* _Task prompt_: From the material below, set down exactly the lines that run from the one containing "Extensor de Tela" to the one containing "1.割り勘で夢をかなえよう!", minus the pictures.

* _Data supplied_:
○ ○ ○
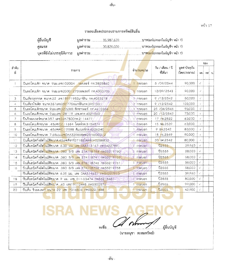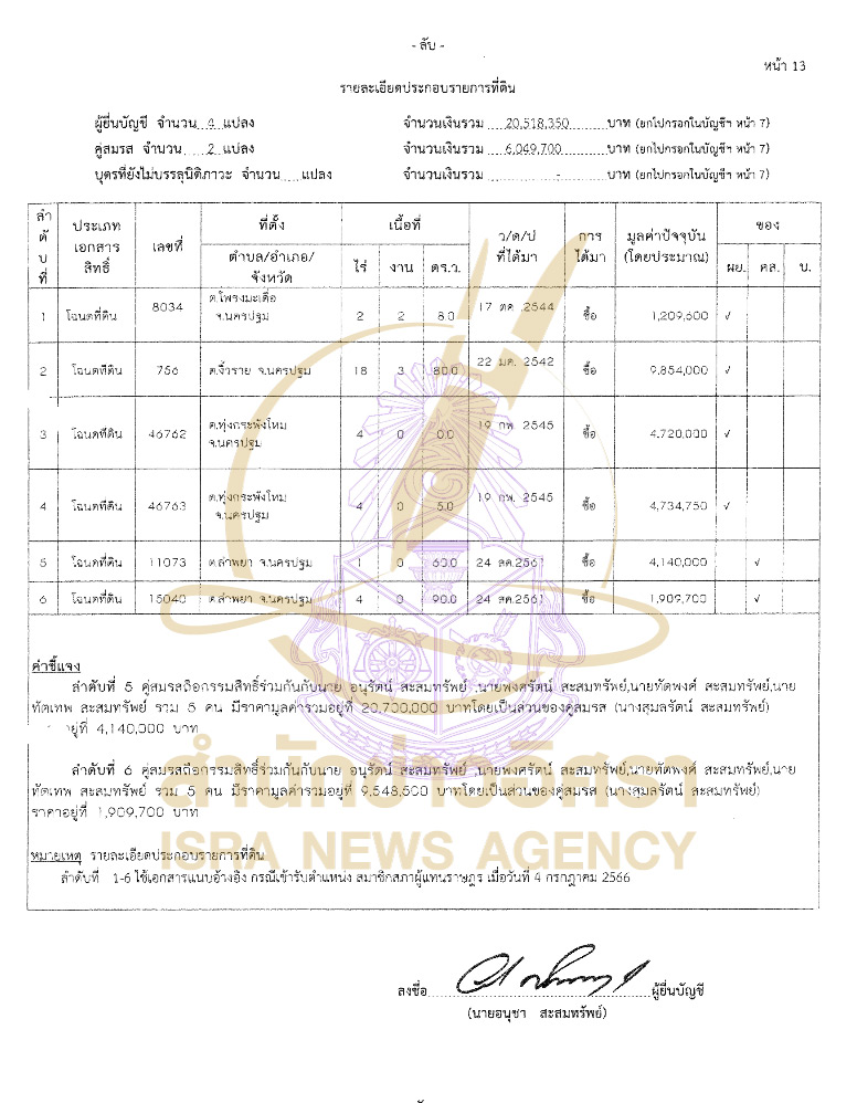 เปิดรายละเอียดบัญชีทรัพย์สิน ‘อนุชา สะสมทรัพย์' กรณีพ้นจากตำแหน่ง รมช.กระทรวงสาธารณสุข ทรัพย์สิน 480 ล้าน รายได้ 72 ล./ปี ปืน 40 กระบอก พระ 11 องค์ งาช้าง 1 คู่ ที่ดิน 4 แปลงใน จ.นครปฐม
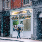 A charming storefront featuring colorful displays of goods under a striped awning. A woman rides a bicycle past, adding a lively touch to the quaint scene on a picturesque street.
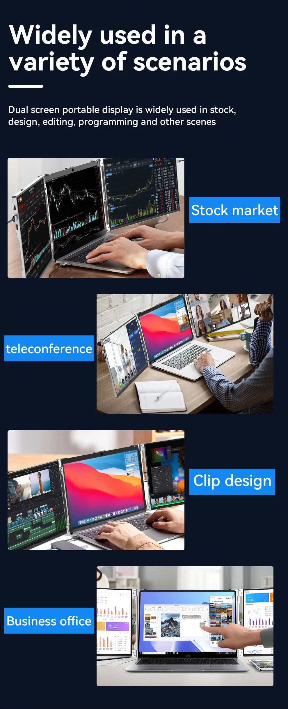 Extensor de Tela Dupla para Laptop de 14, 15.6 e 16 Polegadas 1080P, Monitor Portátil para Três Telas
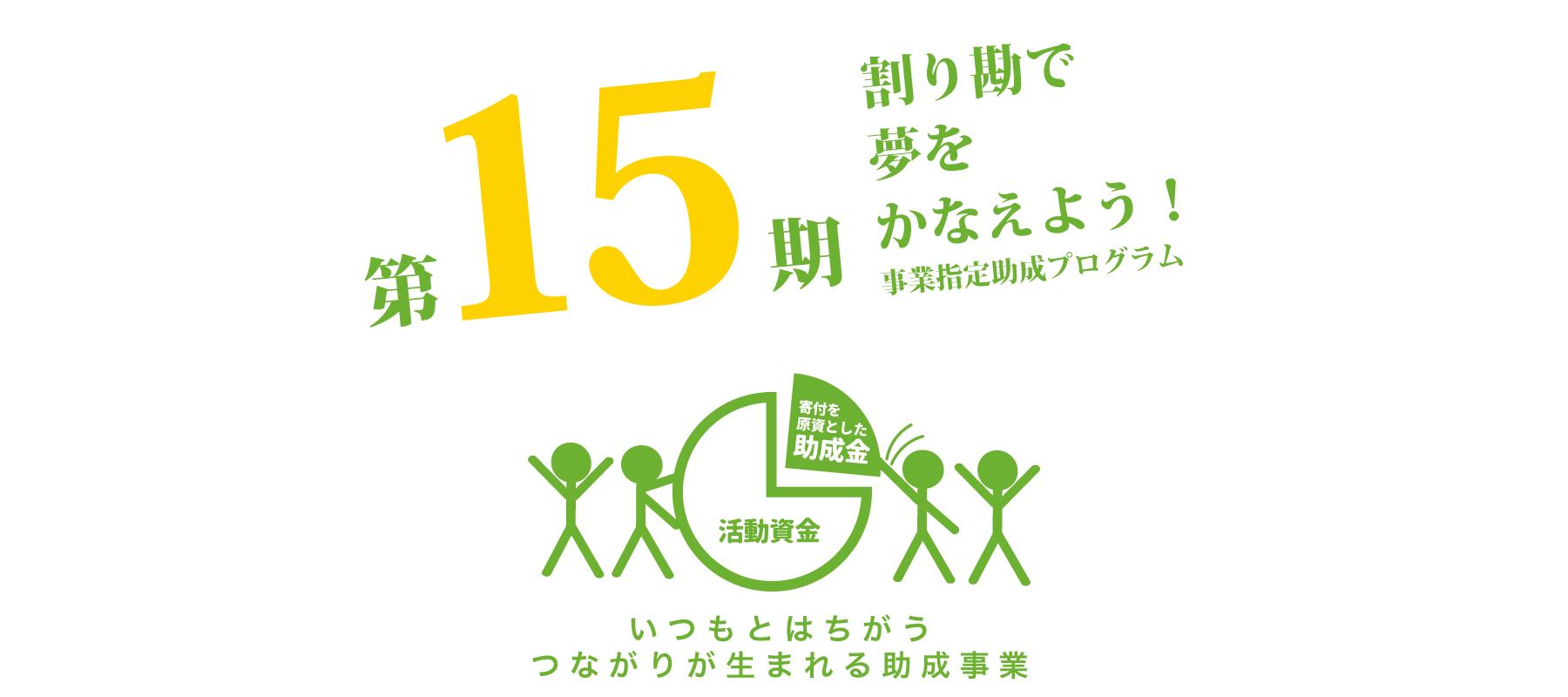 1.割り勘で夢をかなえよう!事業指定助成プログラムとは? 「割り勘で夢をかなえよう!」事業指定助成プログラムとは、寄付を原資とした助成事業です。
○ ○ ○
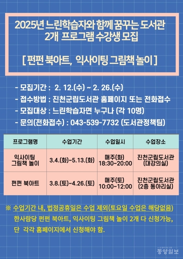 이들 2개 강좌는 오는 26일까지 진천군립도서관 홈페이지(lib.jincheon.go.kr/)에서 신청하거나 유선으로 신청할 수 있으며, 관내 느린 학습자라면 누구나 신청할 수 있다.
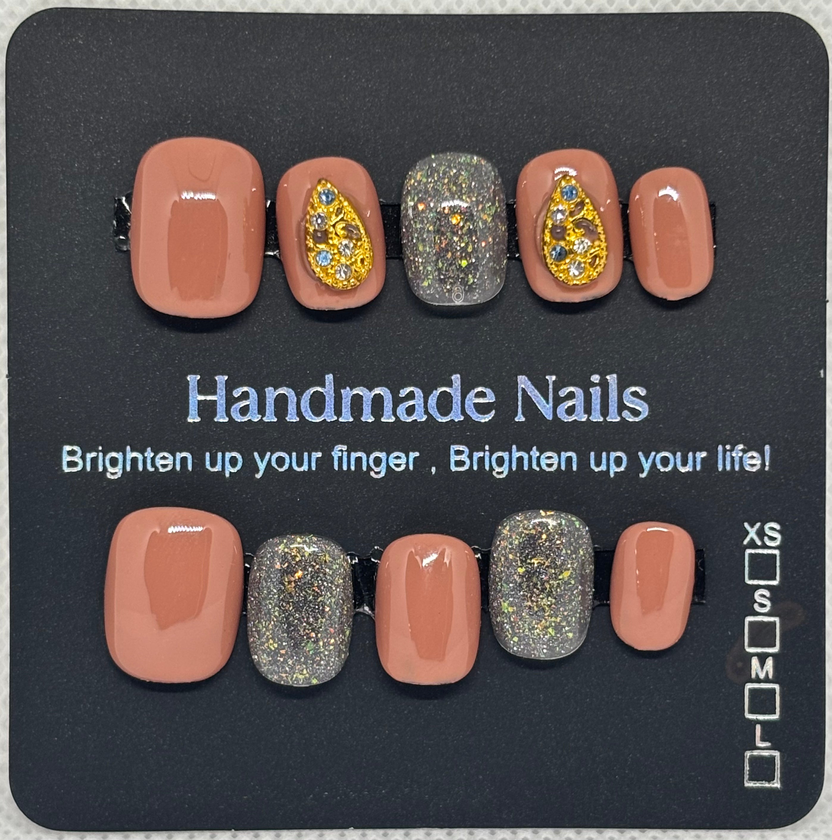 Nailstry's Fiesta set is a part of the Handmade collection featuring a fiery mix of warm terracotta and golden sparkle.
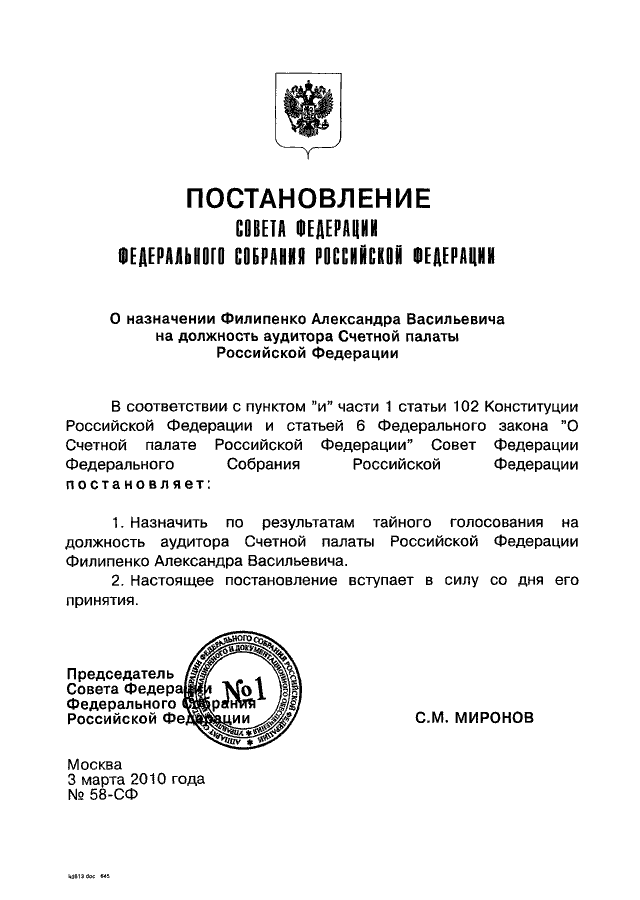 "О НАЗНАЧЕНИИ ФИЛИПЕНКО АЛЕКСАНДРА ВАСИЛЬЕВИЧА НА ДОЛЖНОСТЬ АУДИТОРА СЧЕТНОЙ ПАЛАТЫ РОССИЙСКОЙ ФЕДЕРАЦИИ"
○ ○ ○
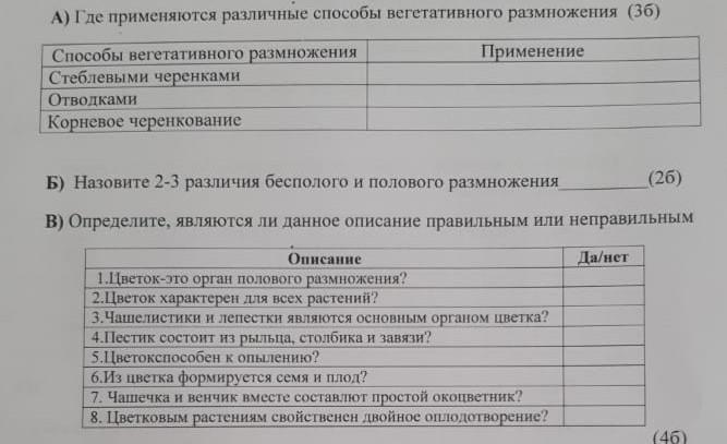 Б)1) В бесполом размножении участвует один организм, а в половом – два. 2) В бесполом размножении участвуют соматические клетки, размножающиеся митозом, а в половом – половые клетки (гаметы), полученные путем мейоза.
○ ○ ○
* _Answer area_:
 Extensor de Tela Dupla para Laptop de 14, 15.6 e 16 Polegadas 1080P, Monitor Portátil para Três Telas
 1.割り勘で夢をかなえよう!事業指定助成プログラムとは? 「割り勘で夢をかなえよう!」事業指定助成プログラムとは、寄付を原資とした助成事業です。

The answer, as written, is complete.